REPUBLIKA.CO.ID, JAKARTA --- Pengamat terorisme Al Chaidar mengatakan infiltrasi berbagai ideologi ke gerakan Negara Islam Indonesia (NII) sangat beragam. Itu tak hanya datang dari kekuatan intelijen, tapi ke dalam tubuh gerakan ini juga terjadi infiltrasi dan desepsi dari ideologi PKI hingga pemahaman Islam syaih dan Wahabi.
''Itulah yang terjadi sepenjang penelitian saya. Setelah tertangkap dan dieksekusinya SM Kartosoewirjo di tahun 1962, maka audiens (khalayak) politik Indonesia mulai menoleh ke Soekarno sebagai solidarity maker yang cerdik dan charming. Khalayak Indonesia kemudian lebih memilih Sukarno ketimbang SM Kartosoewirjo dengan Darul Islamnya. Klaim-klaim politik pun kemudian mengalir dari Sukarno terhadap berbagai daerah yang dianggap 'memberontak' di bawah panji Darul Islam,'' kata Al Chaidar, di Jakarta, Senin (17/07/2023) pagi.
Menurut Al Chaidar, para dissident ini banyak yang kehilangan nyawa, dan keluarganya mengalami stigmatisasi selama Orde Lama hingga Orde Baru. Padahal, yang mereka lakukan adalah memerangi Belanda yang masih tega melakukan aksi 'polisionil' di wilayah asing (foreign land) yang bukan lagi haknya untuk menancapkan kuku-kuku kekuasaan kolonialnya.
"Infiltrasi dan desepsi yang sering dilakukan oleh PKI di tahun-tahun 1950-an itu dengan membakar rumah-rumah orang kampung di Jawa Barat dan Jawa Tengah. Tindakan ini telah membuat pemerintahan 'polisionil' Belanda salah dalam mengidentifikasi gerakan ini sebagai gerakan Tan Malaka. NEFIS dan CMI (badan intelijen militer Belanda), bahkan kemudian merekayasa dengan membuat gerakan APRA dan Westerling yang bengis, yang hingga kini Pemerintah Belanda tak pernah mau mengakui cacat moral politik kekuasaan mereka di masa lalu,'' katanya.
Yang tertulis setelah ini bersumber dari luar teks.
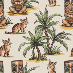 The Tiki Cat Island Hawaiian Shirt brings together two icons of relaxation: tiki culture and island cats. This vintage-inspired design features playful tabby cats lounging among lush palm trees and grinning tiki statues, capturing a whimsical, tropical vibe. Earthy tones of warm browns, deep greens, and sandy yellows add to its nostalgic, hand-drawn charm. Whether you’re sipping cocktails at a tiki bar, strolling the boardwalk, or just embracing a laid-back lifestyle, this shirt is a fun and stylish addition to your wardrobe.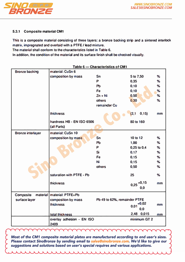 | Specifications of 5.3.1 Composite material CM1 - SinoBronze Co., Ltd. |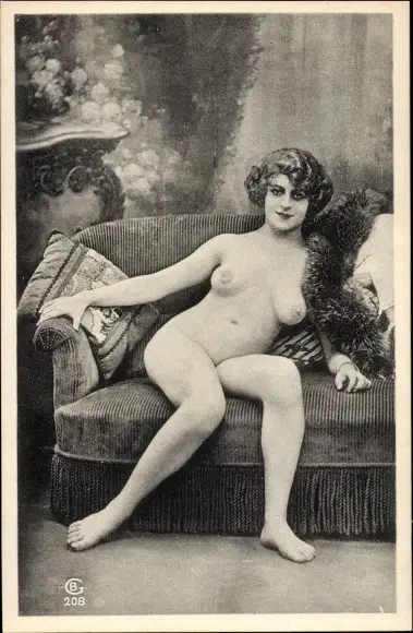 Foto Ak Frauenakt, Busen, Beine, sitzend, Sofa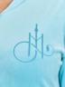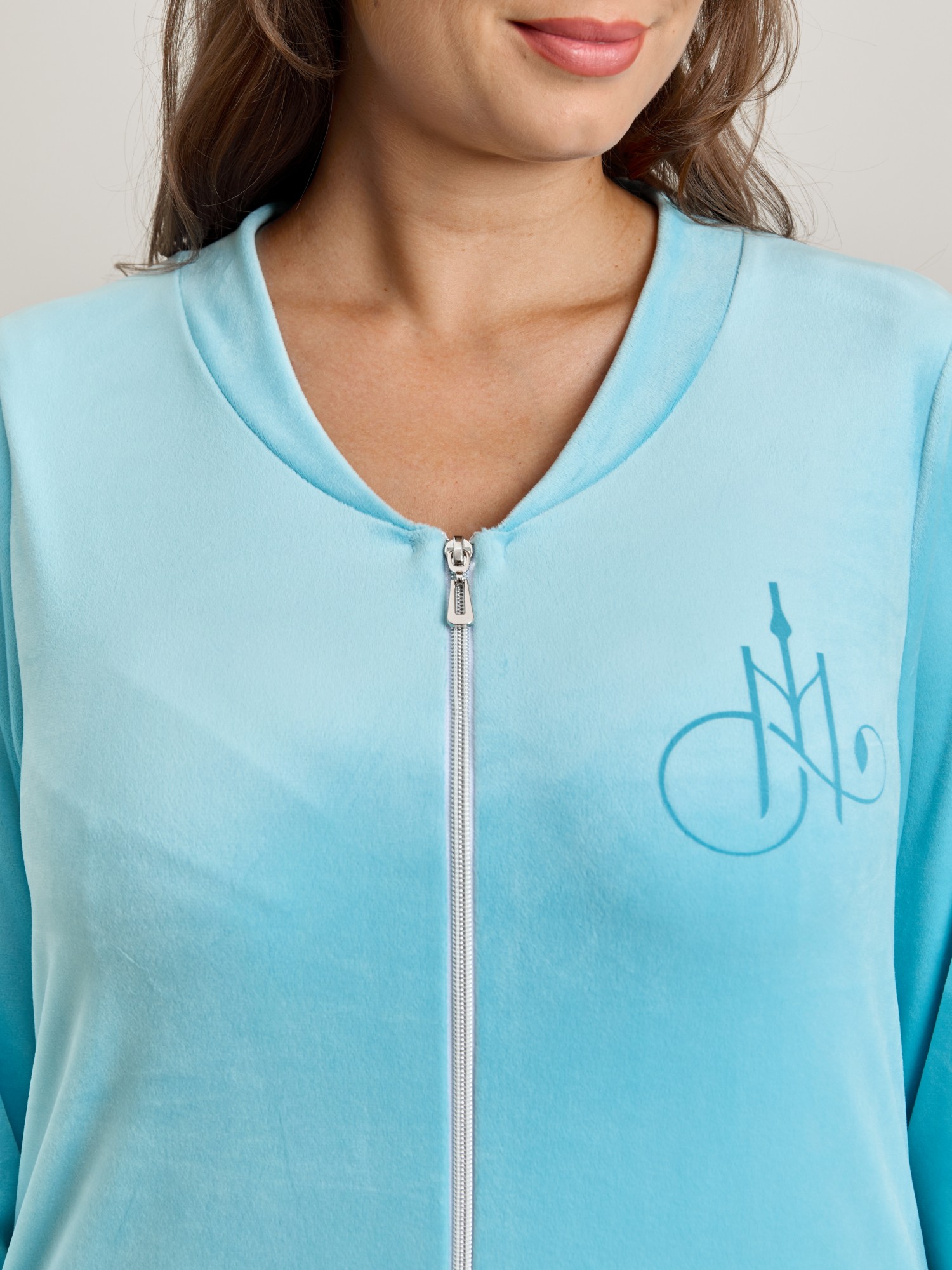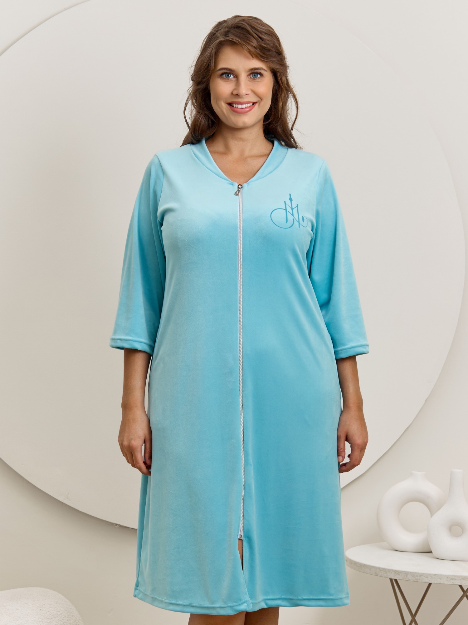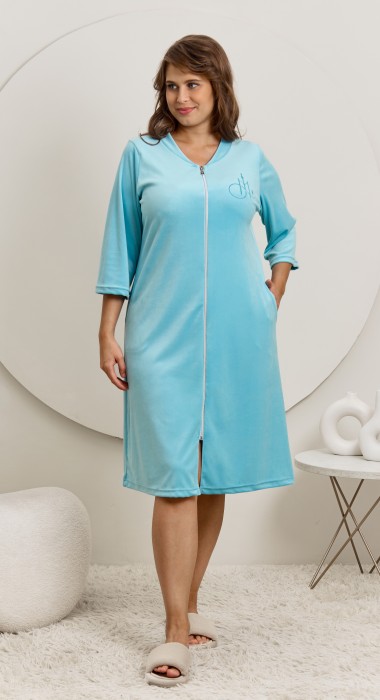 Халат женский из гладкокрашенного трикотажного полотна «велюр стрейч», прямого силуэта, с втачными рукавами длиной ¾ и карманами в боковых швах. Горловина v-образной формы обработана втачной планкой, переходящей в центральную бортовую застежку на тесьму «молния», на левой полочке печать, выполненная в технике «шелкографии».
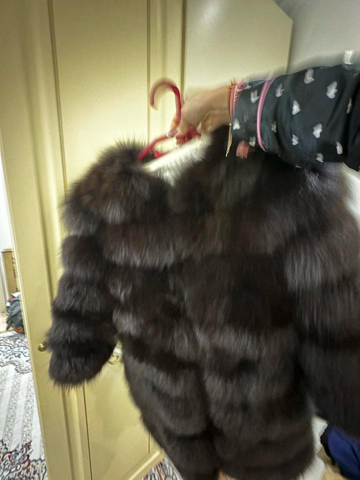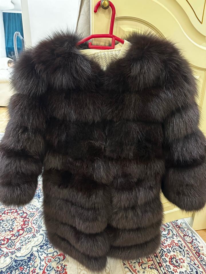 коричневая шуба, хорошего качества, натуральный песец, попу закрывает Артикул: 346378
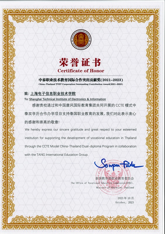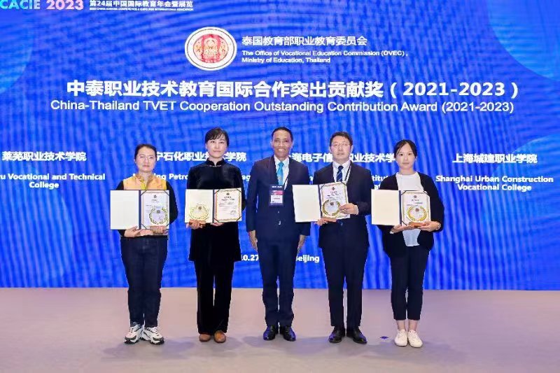 我校参加了“教育数字化背景下的国际产教合作论坛”。该论坛为深入贯彻落实习近平总书记提出的“要推进教育数字化,建设全民终身学习的学习型社会、学习型大国;要统筹职业教育、高等教育、继续教育协同创新,推进职普融通、产教融合、科教融汇;要推进高水平对外开放”重要指示,推动共建“一带一路”高质量发展,推进国家教育数字化战略行动,深化产教融合、校企合作。在此次大会中我校荣获泰国教育部职业教育委员会颁发的中泰职业技术教育国际合作突出贡献奖。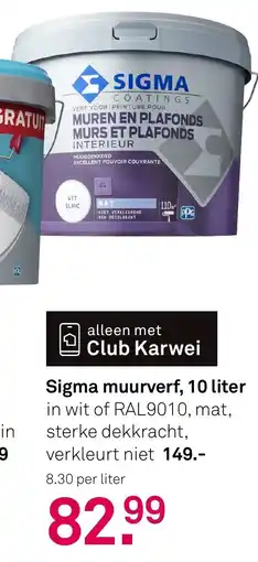 | 1 | Sigma Muurverf 10 L | Brico | 04 maart 2026 | 15 maart 2026 | Bekijk aanbieding | ||||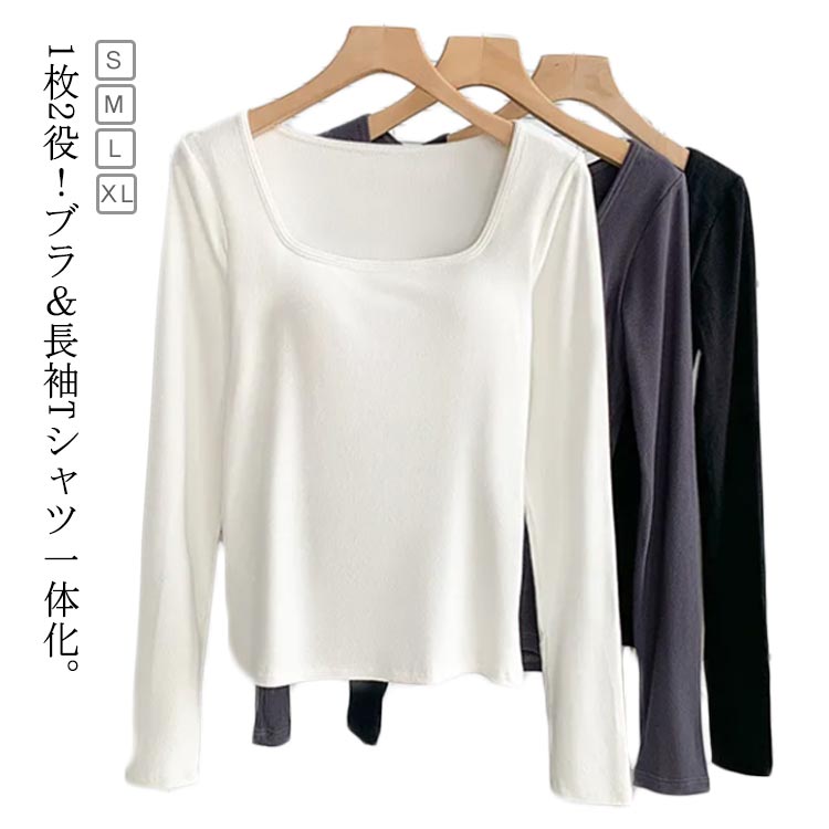 ブラいらずの解放感が魅力 カップ付き シャツ スクエアネックカットソー 秋服 秋物 20代 30代 40代 50代 インナー 重ね着 細身 スリム トップス 秋冬 ブラック ホワイト ダークグレー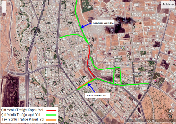 Şanlıurfa Büyükşehir Belediyesi tarafından Abdulkadir Badıllı Bulvarı, Kazım Karabekir Caddesi ile Eyyüpoğlu Caddesinin kesişim noktasında devam eden doğalgaz deplase ve yol çalışmaları nedeniyle 08 Ağustos saat 07:00 ile 09 Ağustos saat 24:00 tarihleri arasında araç trafiğine geçici olarak kapatılacağı duyuruldu.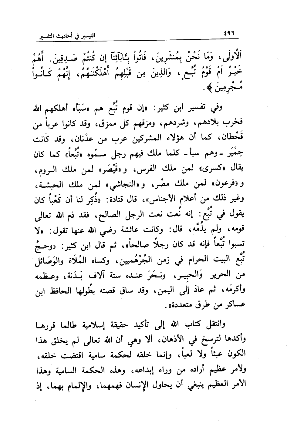 وفي تفسير ابن كثير: (إن قوم تبع هم (سبأ) أهلكهم الله فخرب بلادهم، وشردهم، ومزقهم كل ممزق، وقد كانوا عربا من قحطان، كما أن هؤلاء المشركين عرب من عدنان، وقد كانت حمير- وهم سبأ- كلما ملك فيهم رجل سموه (تبعا) كما كان يقال (كسرى) لمن ملك الفرس، و (قيصر) لمن ملك الروم، و (فرعون) لمن ملك مصر، و (النجاشي) لمن ملك الحبشة، وغير ذلك من أعلام الأجناس)، قال قتادة: " ذكر لنا أن كعبا كان يقول في تبع: إنه نُعت نعت الرجل الصالح، فقد ذم الله تعالى قومه، ولم يذمه، قال: وكانت عائشة رضي الله عنها تقول: (لا تسبوا تبعا فإنه قد كان رجلا صالحا)، ثم قال ابن كثير: (وحج تبع البيت الحرام في زمن الجرهميين، وكساه الملاء والوصائل من الحرير والحبير، ونحر عنده ستة آلاف بدنة، وعظمه وأكرمه، ثم عاد إلى اليمن وقد ساق قصته بطولها الحافظ ابن عساكر من طرق متعددة).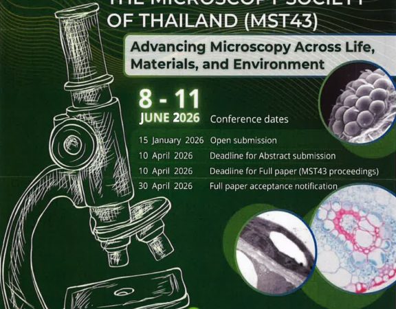 ขอเชิญเข้าร่วมเสนอผลงานและขอความอนุเคราะห์ประชาสัมพันธ์ งานประชุมวิชาการนานาชาติ The 43rd International Conference of the Microscopy Society of Thailand

Selanjutnya, gerakan Darul Islam ini kemudian dipakai secara curang untuk menunda Pemilu dari tahun 1951 hingga 1955, juga pada tahun 1970 oleh Orde Baru dipakai untuk memenangkan Golkar, menunda pemilu, dan menyukseskan Program Keluarga Berencana.
"Namun, gerakan Darul Islam menolak untuk berpartisipasi dalam pembantaian terhadap PKI di tahun 1965-1966, bahkan sebaliknya mereka menyembunyikan beberapa ‘saudara komunis’ mereka ke hutan belantara, tempat Darul Islam pernah sangat mengenal setiap jengkal tapak jalannya," ujar Al Chaidar.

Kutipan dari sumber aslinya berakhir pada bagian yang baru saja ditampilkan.